Relating scores obtained on a test to other test scores or data from other assessment procedures is typically done in an effort to establish the _____ validity of a test. A) content-related B) criterion-related C) face D) about-face
B) criterion-related
Predictive and concurrent validity can be subsumed under A) content validity. B) criterion-related validity. C) face validity. D) true score validity.
B) criterion-related validity.
"Unequal levels of difficulty between two groups" characterizes the definition of a biased test by A) any random member of the general public. B) federal judges. C) a psychometrician. D) All of the answers are correct.
B) federal judges.
In legal terminology, a valid contract is a contract that A) measures what it purports to measure. B) has been executed with the proper formalities. C) is well grounded on principles of evidence. D) was designed with all of the needs of the parties.
B) has been executed with the proper formalities.
If new predictors explain something about a predicted score that was not already explained by existing predictors, the new predictor might be praised for its A) test-retest reliability. B) incremental validity. C) construct validity. D) face validity.
B) incremental validity.
As the term is applied to a test, validity is a judgment or estimate of how well a test A) measures what it purports to measure under all circumstances. B) measures what it purports to measure in a particular context. C) satisfies the deductions that could logically be made from inferences about it. D) a test result can be duplicated under the same or similar circumstances.
B) measures what it purports to measure in a particular context.
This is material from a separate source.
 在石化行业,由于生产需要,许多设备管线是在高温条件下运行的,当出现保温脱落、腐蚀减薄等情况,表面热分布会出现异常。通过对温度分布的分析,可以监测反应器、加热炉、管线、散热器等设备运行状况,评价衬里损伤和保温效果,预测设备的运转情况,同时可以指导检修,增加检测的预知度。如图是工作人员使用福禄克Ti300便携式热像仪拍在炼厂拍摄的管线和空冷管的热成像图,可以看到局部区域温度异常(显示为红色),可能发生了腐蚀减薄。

Each of the three approaches to validity assessment in the trinitarian model should best be thought of as A) a mutually exclusive evidence of a test's validity and any one approach is necessary and sufficient for demonstrating a test's validity. B) one type of evidence that, with others, contributes to a judgment concerning the validity of a test. C) insufficient, either by themselves or together with the other two, to demonstrate the validity of a test. D) None of the answers is correct.
B) one type of evidence that, with others, contributes to a judgment concerning the validity of a test.
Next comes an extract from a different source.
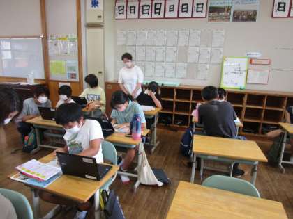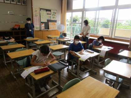 支援員のみなさんに声をかけていただいたり、教えていただいたりしながら、自分が用意してきた課題に真剣に取り組んでいました。宿題やテストに向けての復習、クロムブックを使った調べ学習等、自分の力を高めるために様々な課題に取り組んでいました。

Each of the three approaches to validity assessment in the trinitarian model should best be thought of as A) mutually exclusive as evidence of a test's validity with any one source necessary and sufficient for demonstrating a test's validity. B) one type of evidence that, with others, contributes to a judgment concerning the validity of a test. C) insufficient, either by themselves or together with the other two, to demonstrate the validity of a test. D) None of the answers is correct.
B) one type of evidence that, with others, contributes to a judgment concerning the validity of a test.
Quotas may be viewed as one type of remedy for A) low reliability of selection tests. B) previously unfair practices. C) low validity of selection tests. D) All of the answers are correct.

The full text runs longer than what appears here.